|Thursday, February 18|
|PS1 Poster Session 1 & Opening Mixer sponsored by SAS||
Thu, Feb 18, 5:30 PM - 7:00 PM
Missing Data Strategies for Multilevel Models (303271)*Stefany Coxe, Florida International University
Tyler Stout, Florida International University
Keywords: multilevel, missing data, monte carlo simulation
The current poster proposes to examine common methods of missing data handling strategies in multilevel (i.e., clustered) data sets (Raudenbush & Bryk, 2002). It will compare traditional strategies of missing data handling (i.e., listwise/pairwise deletion) against newer imputation (expectation maximization and multiple imputation) and maximum-likelihood based (full-information maximum-likelihood) methods (Enders, 2010).
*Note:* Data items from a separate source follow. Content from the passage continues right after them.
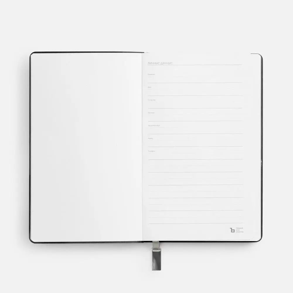 Ежедневник с гибкой обложкой, выполнен из материала Petrus, черный АА, дополнен серым ляссе с металлическим шильдиком.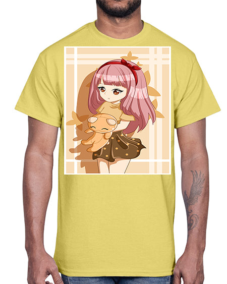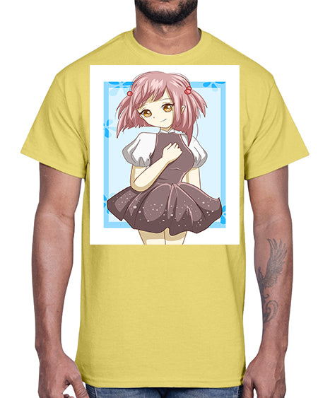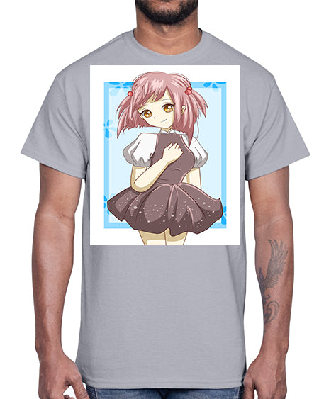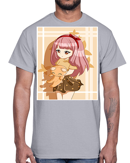 Cute and beautiful girl long pink hair with doll 9#- anime- Cotton Tee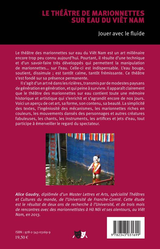 Le théâtre des marionnettes sur eau du Viêt Nam est un art millénaire encore trop peu connu aujourd'hui. Il s'agit d'un art né dans les rizières, transmis par de modestes paysans de génération en génération. Ce théâtre contient toute une mémoire historique et artistique qui s'enrichit et s'agrandit encore de nos jours. Alice Gaudry nous raconte la beauté de cet art, l'ingéniosité des mécanismes, la richesse des couleurs, les artifices et jets d'eau, tout participe à émerveiller le regard du spectateur.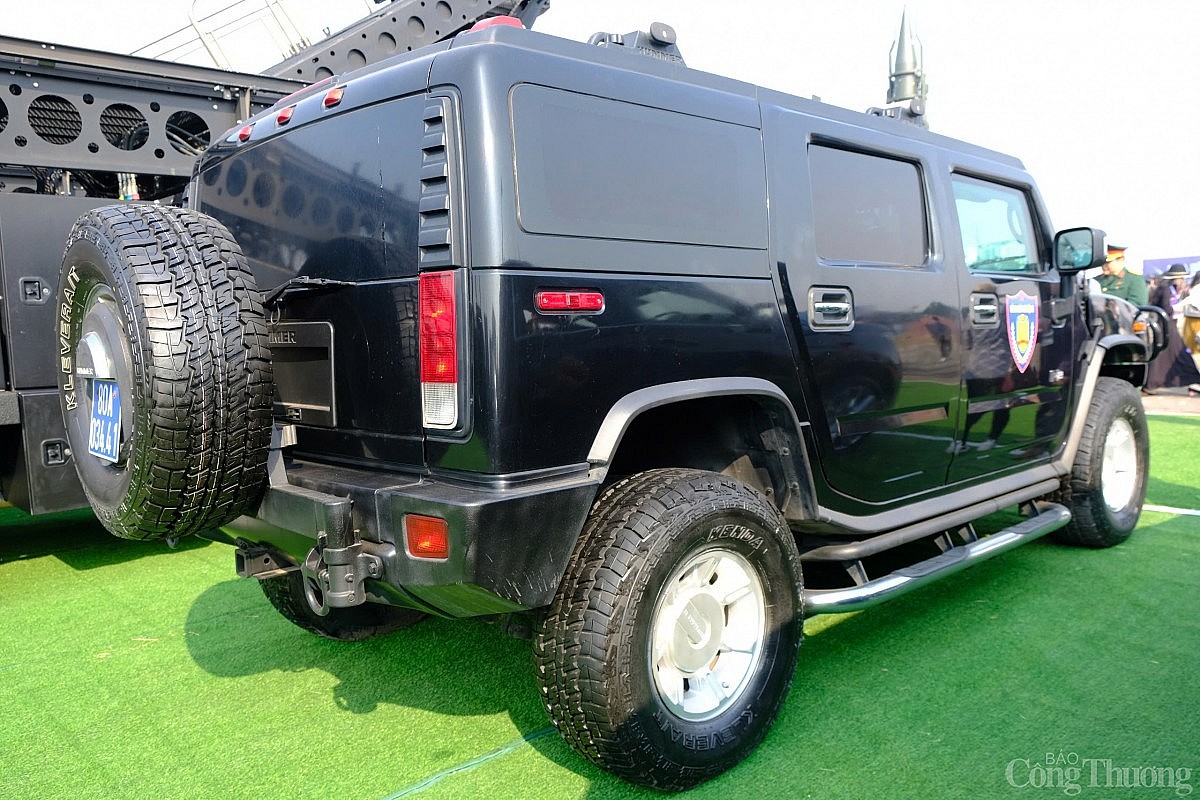 | Xe chỉ huy Hummer H2 chống đạn, sản phẩm của GM (Mỹ), được thiết kế chuyên biệt để phục vụ công tác chỉ huy tại các khu vực an ninh phức tạp. - Ảnh: Thế Duy |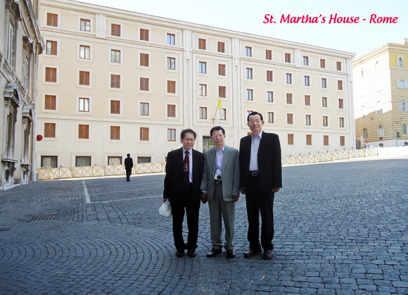 Vì muốn tham quan St. Martha's House (tiếng la tinh là Domus Sanctae Marthae), nơi Đức Thánh Cha đang cư ngụ, chúng tôi được Đức Ông FX Cao Minh Dung đưa vào qua hướng cổng dành riêng cho các viên chức làm việc tại Vatican. Khác với bên ngoài Quảng trường, khu vực này vắng ngắt không một bóng người, đó đây là những trạm gác của vệ binh, họ đứng nghiêm tay đưa lên trán chào mỗi khi chúng tôi đi qua. Đây là ngôi nhà được xây dựng dưới triều Đức Thánh Cha Gioan-Phaolô II. Việc xây dựng được hoàn tất năm 1996 và được sử dụng như một Nhà Khách và nơi ở cho các viên chức cấp Bộ làm việc tại Vatican. Trong thời gian bầu Giáo Hoàng vừa qua, ngôi nhà này dùng làm nơi lưu trú cho các Hồng Y quy tụ về Roma. Sau khi được bầu làm Giáo Hoàng, Đức Thánh Cha Phanxicô đã chọn một phòng của ngôi nhà này làm nơi ở của ngài. Ngay lối cửa vào chính có treo cờ Tòa Thánh. Bên trong ngôi nhà được bài trí khá đơn giản và không gian rộng rãi, thoáng đãng. Thật sung sướng khi chúng tôi được phép vào thăm viếng bên trong ngôi nhà của Đức Thánh Cha. Ở đây không được phép chụp hình nên chúng tôi chỉ ghi lại vài hình ảnh từ bên ngoài.

A small-scale Monte Carlo simulation will be conducted in SAS 9.4 using data sets with 30 clusters with 10 observations per cluster. The data set will feature a single individual-level outcome variable regressed on a single cluster-level predictor variable, a single individual-level group-mean-centered predictor variable, and their cross-level interaction. Both predictor variables will have a medium effect-size (R2 = .06) and there will be a moderate amount of clustering (ICC = .30). Missingness on the individual-level predictor will be varied (1%, 5%, 15%, 25% missing values) in a missing at random (MAR; Rubin, 1976) pattern. Methods will be evaluated in light of their impact on parameter estimates and standard-error-based (i.e., Type I/II error) outcomes.